The Black Calvus stands his ground and fights for a while, but shys away defensiveley when the Red get serious. In fact Reds trying to bite the Calvus as I type this.

RTBShark is the one i want to protect abit, he's Ok cos he's fast enough to get out of the way of the zebra. But he's not as tough as the Plec and Calvus and is getting hassled. He has a go back but not to much affect.

I just dont want the zebra to kill anyone !!!!!!!!!!

I knew when i bought them that i would ultimateley need a bigger tank, but how big. I May even leave the RTBshark in 25G and get some less agressive fish or a Paradise fish, Cichlids are out I recon, unless anyone can recommend a passive Cichlid (if there is such a thing).
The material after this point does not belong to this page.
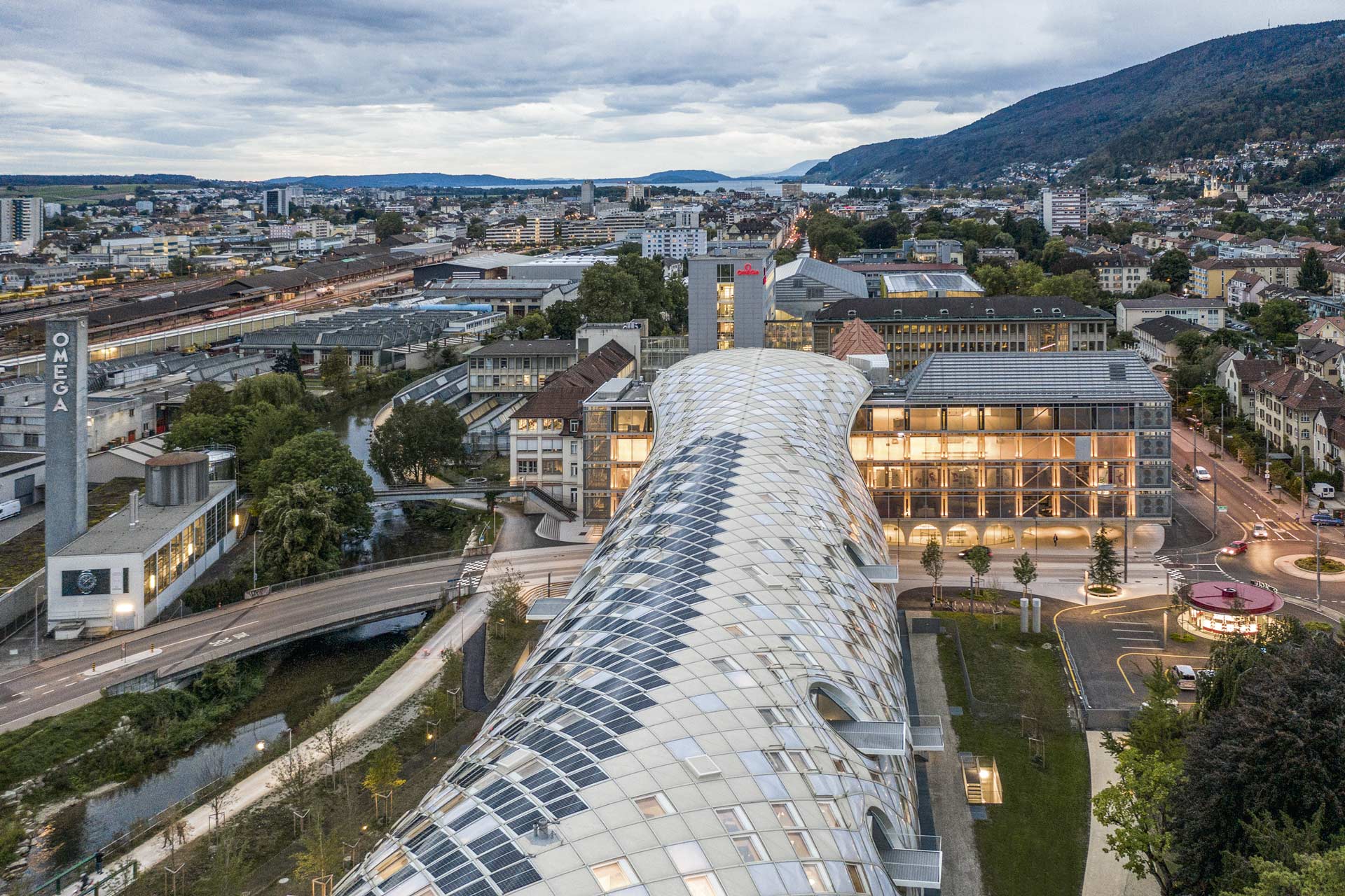 With 1,997 m³ / 70,523 ft³ of indigenous spruce timber, this campus is one of the largest hybrid timber constructions. The three buildings - the Swatch Headquarters, the Omega Factory and the Museum Cité du Temps – are speaking a uniform design language: they share a common material palette and environmental awareness. Each strategy implemented in the project is designed to minimize global impact and serve as a model for future buildings. To achieve an energy-efficient, comfortable working environment, radiant cooling and heating with activated ceiling panels or water pipes embedded in the concrete ceilings are used. The campus uses the regenerative energy potential of groundwater from wells: for heating, heat pumps "collect" the relative heat of the water from the subsurface. The heat itself is free of charge, only the heat pumps need electricity for operation but deliver considerably more energy than they need for operation. When cooling is required, the groundwater is cold enough to lower the temperature in the cooling circuit of the radiant cooling system via heat exchangers: operation in summer does not require heat pumps. Thus, in addition to the heat, the cold is also regenerative and only takes the rather low amount of electrical energy for the pumping. All roofs carry PV modules on surfaces facing southeast or southwest and cover part of the electricity requirement.

I thought one way of sorting problem is get a 55G and divide it into Rocky and planted areas with lots of hinding places, hopefuly the Cichlids will take residence in the rocky area and the RTBSark in the planted areas, with the Pleco in either.

Any Ideas??


----------



## fish_doc (Jan 31, 2005)

You will need two tanks. Cichlids are typically good in groups of their own kind. I dont know cichlids very well other than the few breeds I have kept so hopefully someone else can jump in here. But I would say the rts will need to be seperated for his own saftey. As for your mix of cichlids Im not sure how they get along.


----------



## TheOldSalt (Jan 28, 2005)

Gotta concur. Mixing asians, africans, and amazonians in the same tank can only lead to problems. They have to use the universal language of aggression because they evolved too far apart to have any understanding of each other, and the water chemistry preferences of each are soo different from the other two that only one group can be happy at any one time, if indeed any of them can be.
I would move the Africans to their own tank set up with conditions they prefer, and adjust the first tank to accommodate the other fish optimally.
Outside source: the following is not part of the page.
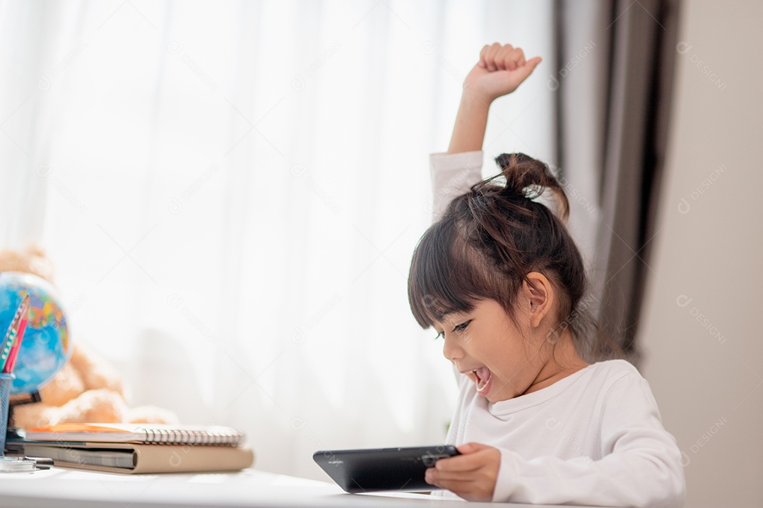 Menina asiática usando um telefone de perto, distraída do estudo.

Otherwise, a tank divider screen may be your only hope, although with even less territory available to it, the red will make life even more miserable for whatever fish is stuck on it's side of the screen.


----------



## Cichlid Man (Jan 19, 2005)

If you want to keep cichlids, don't mix them. Kepp tangs with tangs and malawis with malawis.
I keep auratus with bricardi, but you have to know what you're doing.


----------



## leongreenway (Mar 29, 2005)

Well whats your advice then Cichlid man. how do i split them. bear in mind i cant get more than about 55G for next tank. I'd appreciate the advise.

Lon


----------



## leongreenway (Mar 29, 2005)

Look there at it now. The Red Zebra is at iit again. Attacking the Calvus now.
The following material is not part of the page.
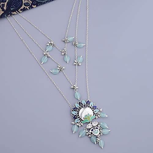 Voylla Silver Brass Bagh E Fiza Blooming Flower Motifs Necklace for Women and Girls – Fast Shipping to USA & Canada

http://i5.photobucket.com/albums/y169/leon...y/Photo1211.jpg

http://i5.photobucket.com/albums/y169/leon...y/Photo1212.jpg

http://i5.photobucket.com/albums/y169/leon...y/Photo1213.jpg

http://i5.photobucket.com/albums/y169/leon...y/Photo1216.jpg

http://i5.photobucket.com/albums/y169/leon...y/Photo1217.jpg

http://i5.photobucket.com/albums/y169/leon...y/Photo1215.jpg

http://i5.photobucket.com/albums/y169/leon...y/Photo1214.jpg


----------



## leongreenway (Mar 29, 2005)




----------



## Cichlid Man (Jan 19, 2005)

The calvus is protecting his territory in the last picture. If you give him a cave in the same place he is now, and make sure the hole isn't big enough for the zebra to enter then nothing can go wrong. Common sense is the key to cichlids.


----------



## leongreenway (Mar 29, 2005)

What do you think of my fish dude ??


----------



## Cichlid Man (Jan 19, 2005)

I think that you need to do something to stop the red zebra attacking your calvus.


----------